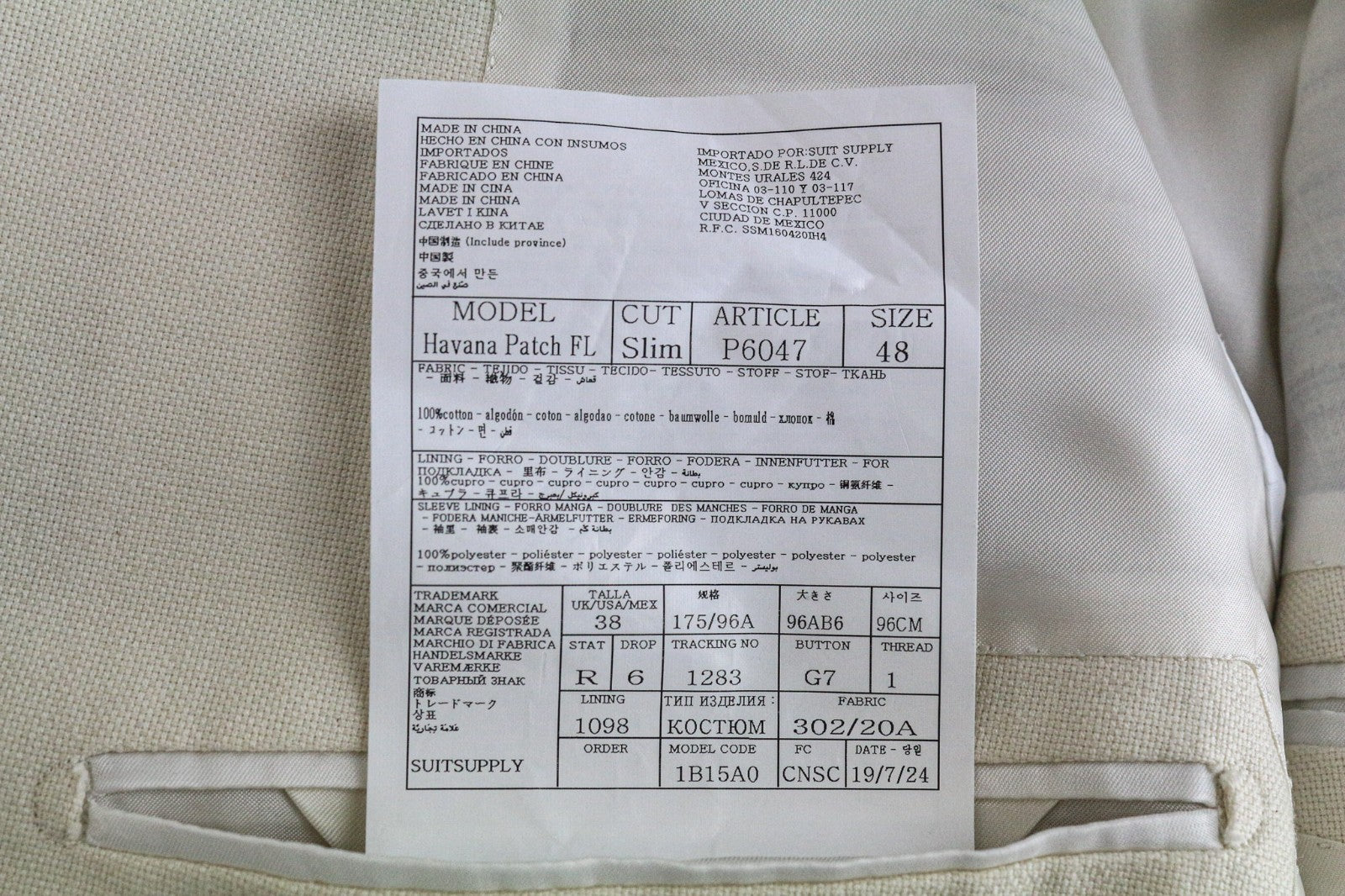 SUITSUPPLY Havana Men's UK38R Off-White Slim Fit Pure Cotton Dress 2 Piece Set
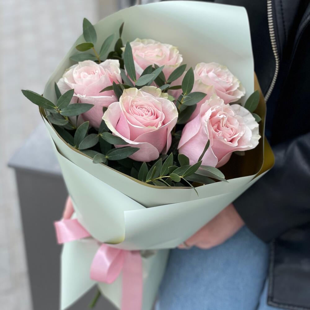 Букет Женственный из 5 роз и эвкалипта
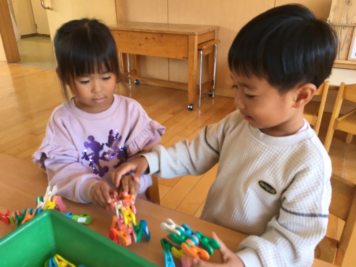 今日はさくらんぼ組VSばなな組のリレー対決をしました。「ばななぐみさんにかてるかな~。」「かってみたいな。」と話す姿がある中でばなな組さんも「さくらんぼぐみさんにまけられやんよな。」「がんばってはしろ!!」と意気込むような姿もありました。そして、その後には、かけっこチャンピオンをおこない、さくらんぼ組のチャンピオンとばなな組のチャンピオンで対決を行いました。すると…タッチの差でばなな組さんが勝ちましたが「さくらんぼさんもめっちゃはやかったー!」「ぼくやったらまけてしまうかもしれへん。」という声も聞こえてきました。体をたくさん動かした後には、砂場で泥団子づくりが始まりました。「ここのすな(すなば)にみずいれてどろつくって・・・そのあとにしろいすなかけるときれいになるよ!」と砂をかけて、擦ってを繰り返しきれいな泥団子を作ろうと挑戦していましたが力が少しでも強くなってしまうと「あー!こわれた。さっきのけっこうきれいなかたちやったんやけどな。くやしい。」ときれいに仕上がっていたものが崩れて残念に思っている姿があるかと思いきや、「よし、もう1こつくってみるかー!」と新しい泥団子づくりが始まりました。泥団子を作る中で、1つのもの集中して作る姿やきれいになっていく嬉しさを感じながら楽しむ姿も見られました。
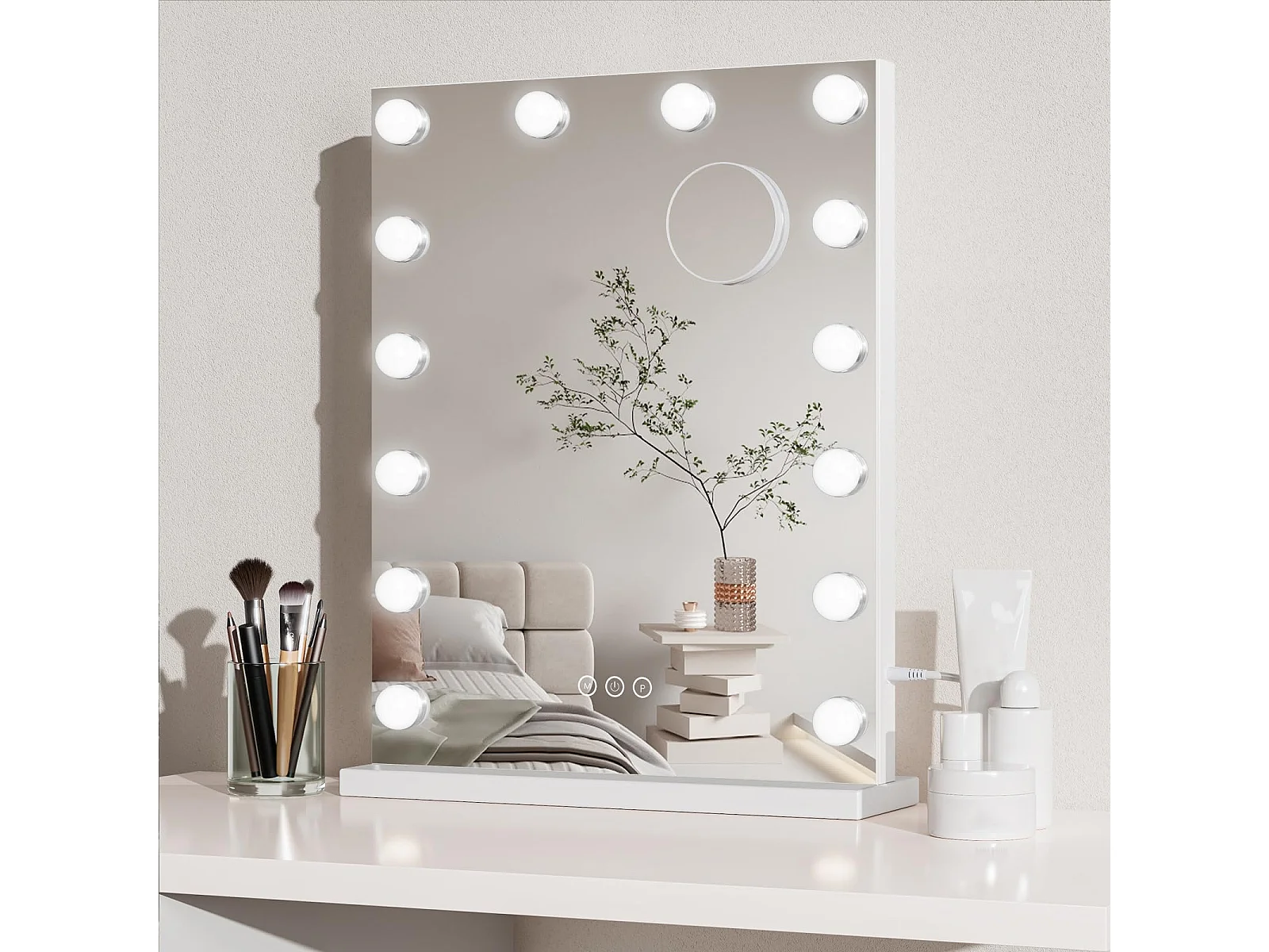 Hollywood LED make-upspiegel, 40x50cm, 3 standen, instelbare helderheid, touchbediening, geschikt voor tafel- of wandmontage, ideaal voor de kaptafel, wit

→ **Task to carry out**: Return the listing above unaltered, omitting its pictures.

→ **Written answer**:
 SUITSUPPLY Havana Men's UK38R Off-White Slim Fit Pure Cotton Dress 2 Piece Set
 Букет Женственный из 5 роз и эвкалипта
 今日はさくらんぼ組VSばなな組のリレー対決をしました。「ばななぐみさんにかてるかな~。」「かってみたいな。」と話す姿がある中でばなな組さんも「さくらんぼぐみさんにまけられやんよな。」「がんばってはしろ!!」と意気込むような姿もありました。そして、その後には、かけっこチャンピオンをおこない、さくらんぼ組のチャンピオンとばなな組のチャンピオンで対決を行いました。すると…タッチの差でばなな組さんが勝ちましたが「さくらんぼさんもめっちゃはやかったー!」「ぼくやったらまけてしまうかもしれへん。」という声も聞こえてきました。体をたくさん動かした後には、砂場で泥団子づくりが始まりました。「ここのすな(すなば)にみずいれてどろつくって・・・そのあとにしろいすなかけるときれいになるよ!」と砂をかけて、擦ってを繰り返しきれいな泥団子を作ろうと挑戦していましたが力が少しでも強くなってしまうと「あー!こわれた。さっきのけっこうきれいなかたちやったんやけどな。くやしい。」ときれいに仕上がっていたものが崩れて残念に思っている姿があるかと思いきや、「よし、もう1こつくってみるかー!」と新しい泥団子づくりが始まりました。泥団子を作る中で、1つのもの集中して作る姿やきれいになっていく嬉しさを感じながら楽しむ姿も見られました。
 Hollywood LED make-upspiegel, 40x50cm, 3 standen, instelbare helderheid, touchbediening, geschikt voor tafel- of wandmontage, ideaal voor de kaptafel, wit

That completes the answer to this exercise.